In 2012, President Barack Obama signed into law the Jumpstart Our Business Startups (JOBS) Act, a bipartisan bill that reduced regulatory barriers preventing ordinary Americans from investing in the ventures of small entrepreneurs. In remarks at the signing ceremony, Mr. Obama declared that “because of this bill, start-ups and small business will now have access to a big, new pool of potential investors — namely, the American people.”

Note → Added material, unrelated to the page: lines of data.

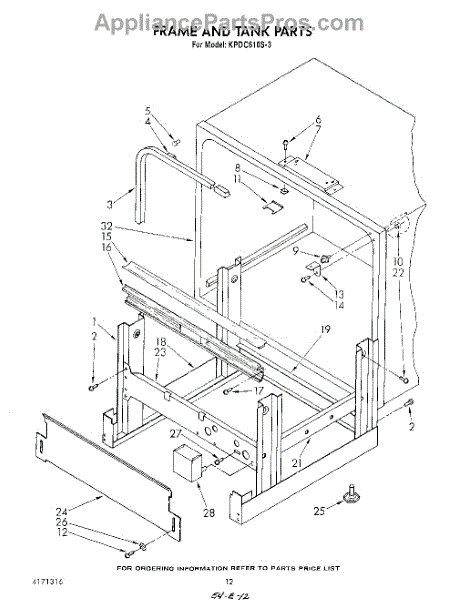 Parts for Kitchenaid KPDC610S3: 10 - Frame And Tank Parts
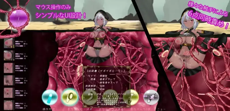 今回は、触手を使って女の子のエロい事をするクリッカーエロゲー。
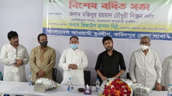 আব্দুল্লাহ আল মামুন রনী, ফরিদপুর প্রতিনিধি : ফরিদপুরের নবগঠিত জেলা যুবলীগের আহবায়ক কমিটির বিশেষ বর্ধিত সভা অনুষ্ঠিত হয়েছে। বৃহস্পতিবার রাত সাড়ে ১০টায় ফরিদপুরের মধুখালী উপজেলার কামালদিয়া একটি হলরুমে এ বিশেষ
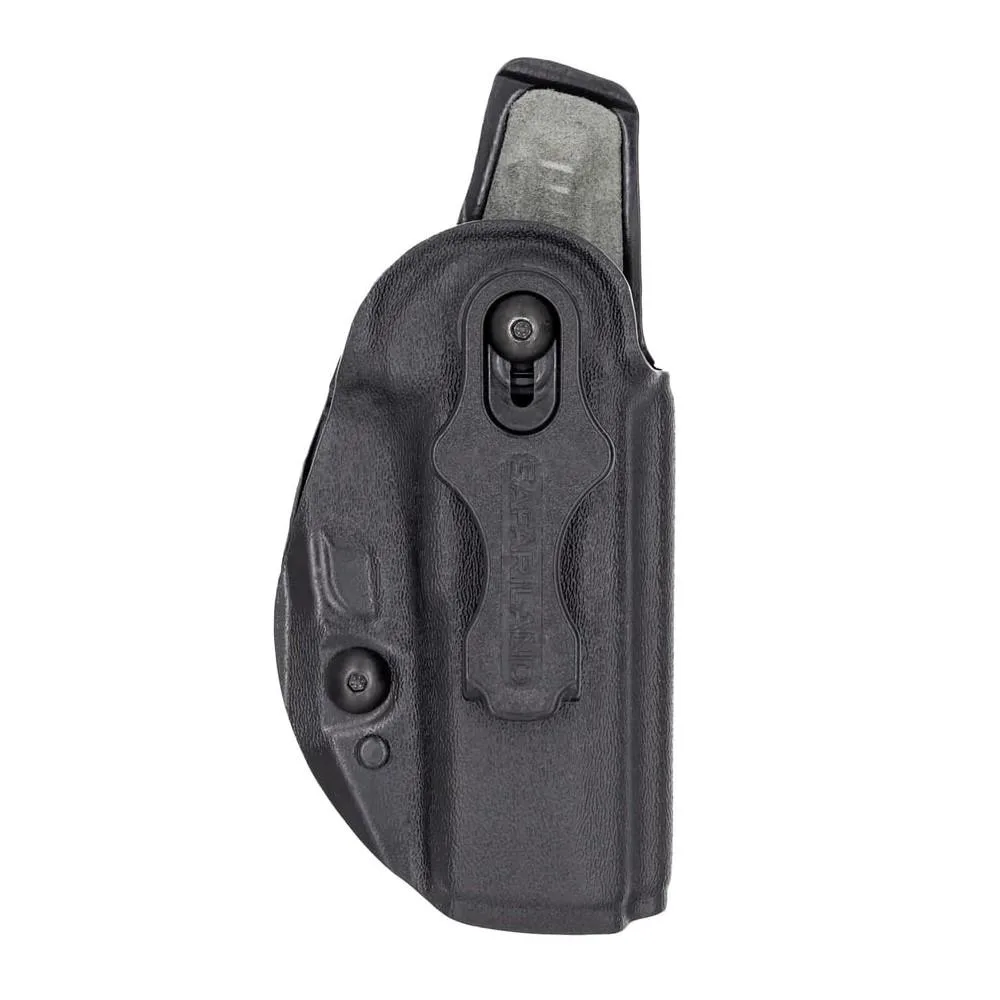 A new species of Boltaron holsters. A minimalist design offers a smaller package versus other IWB holsters. The enhanced material selection and design integration brings Safariland quality materials into this new species of IWB holsters. Dual functionality and tension adjustment allows users to personalize the holster fit feel and draw.

But now a provision of the $3.5 trillion budget reconciliation bill advanced by Obama’s own party would substantially drain that pool, shrinking funding for startup entrepreneurs and diminishing the opportunity for ordinary investors to grow wealthy with them. Section 138312 of the bill recently voted out of the House Ways and Means Committee along party lines would ban IRAs from holding shares in most companies that don’t trade on major U.S stock exchanges, including those utilizing provisions of the JOBS Act that Obama championed.
Though included as a “pay-for” measure to raise revenue, proponents of the IRA restrictions state their rationale more as a matter of “fairness.” They state their aim is to prevent wealthy folks from getting richer through IRA investments in early-stage “unicorns” unavailable to most investors, as did early-stage investors who put money in Facebook and Yelp through their IRAs before the firms went public. “The intention of these provisions is to level the playing field for low- and moderate-income investors,” a spokeswoman for the Ways and Means Committee said in a statement.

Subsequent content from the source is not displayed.